▶ Exercise details
With the pictures left out, write out exactly the lines of the listing below that run from the line with "Case 420, 430, 440" through the line with "- trinamiX 将在2月23日至2月25日举行的2021上海世界移动通信大会上,首次对外现场演示其用于置于".

******************************

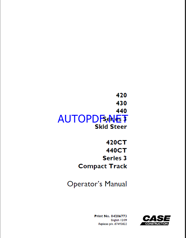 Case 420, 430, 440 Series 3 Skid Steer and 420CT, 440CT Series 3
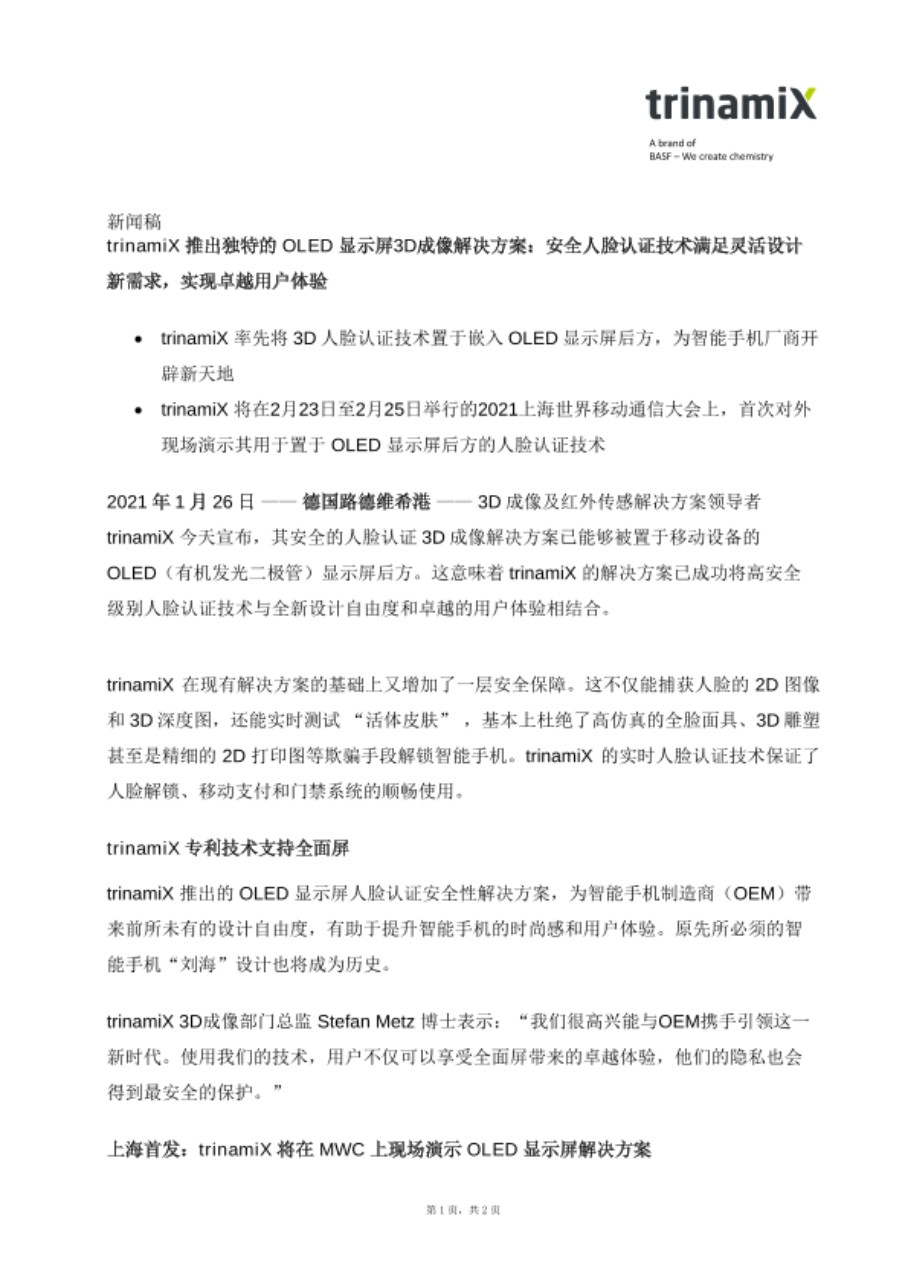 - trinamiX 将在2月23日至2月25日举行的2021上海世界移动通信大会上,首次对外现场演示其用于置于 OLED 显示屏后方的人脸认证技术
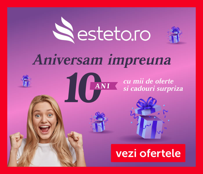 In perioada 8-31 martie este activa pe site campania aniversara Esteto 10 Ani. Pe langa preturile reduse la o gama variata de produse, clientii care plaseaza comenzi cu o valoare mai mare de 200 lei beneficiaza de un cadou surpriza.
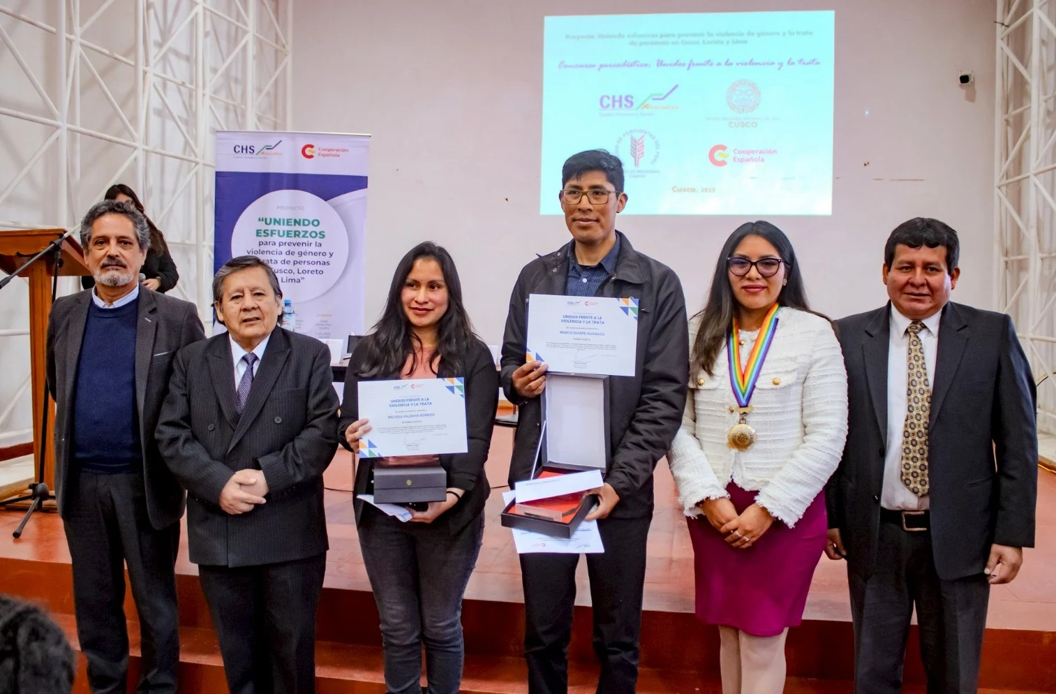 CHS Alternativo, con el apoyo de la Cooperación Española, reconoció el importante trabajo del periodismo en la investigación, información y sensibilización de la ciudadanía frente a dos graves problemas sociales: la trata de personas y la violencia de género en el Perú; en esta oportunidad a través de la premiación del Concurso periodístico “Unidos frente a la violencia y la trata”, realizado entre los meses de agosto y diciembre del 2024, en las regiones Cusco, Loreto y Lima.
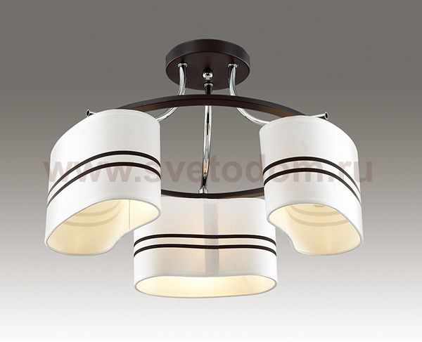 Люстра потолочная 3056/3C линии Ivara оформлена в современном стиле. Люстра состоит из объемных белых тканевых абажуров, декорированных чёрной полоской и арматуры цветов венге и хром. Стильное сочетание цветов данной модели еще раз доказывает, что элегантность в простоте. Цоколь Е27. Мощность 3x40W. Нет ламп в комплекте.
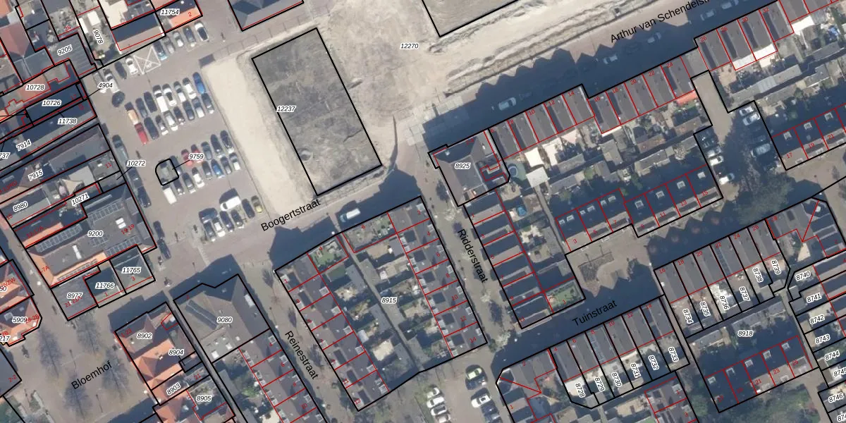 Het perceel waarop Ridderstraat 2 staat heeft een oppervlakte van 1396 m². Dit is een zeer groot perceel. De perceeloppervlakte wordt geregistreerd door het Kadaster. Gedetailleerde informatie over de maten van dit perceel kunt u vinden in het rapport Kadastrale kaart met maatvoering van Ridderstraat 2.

******************************

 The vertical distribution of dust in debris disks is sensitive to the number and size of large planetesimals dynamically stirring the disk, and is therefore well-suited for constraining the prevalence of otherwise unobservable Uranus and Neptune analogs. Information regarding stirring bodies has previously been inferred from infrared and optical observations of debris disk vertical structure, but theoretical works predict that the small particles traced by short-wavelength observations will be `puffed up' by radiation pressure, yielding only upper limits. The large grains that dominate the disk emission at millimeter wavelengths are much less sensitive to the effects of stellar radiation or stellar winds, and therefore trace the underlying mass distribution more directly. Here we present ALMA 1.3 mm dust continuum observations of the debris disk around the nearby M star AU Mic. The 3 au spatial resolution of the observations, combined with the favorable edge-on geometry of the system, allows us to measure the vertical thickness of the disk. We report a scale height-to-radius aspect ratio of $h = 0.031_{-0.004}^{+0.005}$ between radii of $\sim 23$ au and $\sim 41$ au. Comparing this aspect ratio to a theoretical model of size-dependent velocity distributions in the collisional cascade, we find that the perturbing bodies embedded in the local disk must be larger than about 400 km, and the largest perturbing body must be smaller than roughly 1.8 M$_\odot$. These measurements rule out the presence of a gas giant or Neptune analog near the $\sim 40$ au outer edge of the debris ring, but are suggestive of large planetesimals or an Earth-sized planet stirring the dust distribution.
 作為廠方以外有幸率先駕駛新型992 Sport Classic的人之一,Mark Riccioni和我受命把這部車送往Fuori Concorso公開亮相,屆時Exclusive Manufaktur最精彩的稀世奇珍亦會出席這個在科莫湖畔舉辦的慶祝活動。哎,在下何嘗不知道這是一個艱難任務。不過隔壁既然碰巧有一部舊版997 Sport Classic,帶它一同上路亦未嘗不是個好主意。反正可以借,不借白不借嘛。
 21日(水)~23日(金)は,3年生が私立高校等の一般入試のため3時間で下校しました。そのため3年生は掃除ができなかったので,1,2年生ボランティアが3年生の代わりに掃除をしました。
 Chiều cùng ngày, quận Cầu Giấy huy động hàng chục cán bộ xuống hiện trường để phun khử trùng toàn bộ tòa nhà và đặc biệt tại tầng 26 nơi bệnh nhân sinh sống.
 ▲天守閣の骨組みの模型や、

******************************

▶ Exercise output
 Case 420, 430, 440 Series 3 Skid Steer and 420CT, 440CT Series 3
 - trinamiX 将在2月23日至2月25日举行的2021上海世界移动通信大会上,首次对外现场演示其用于置于 OLED 显示屏后方的人脸认证技术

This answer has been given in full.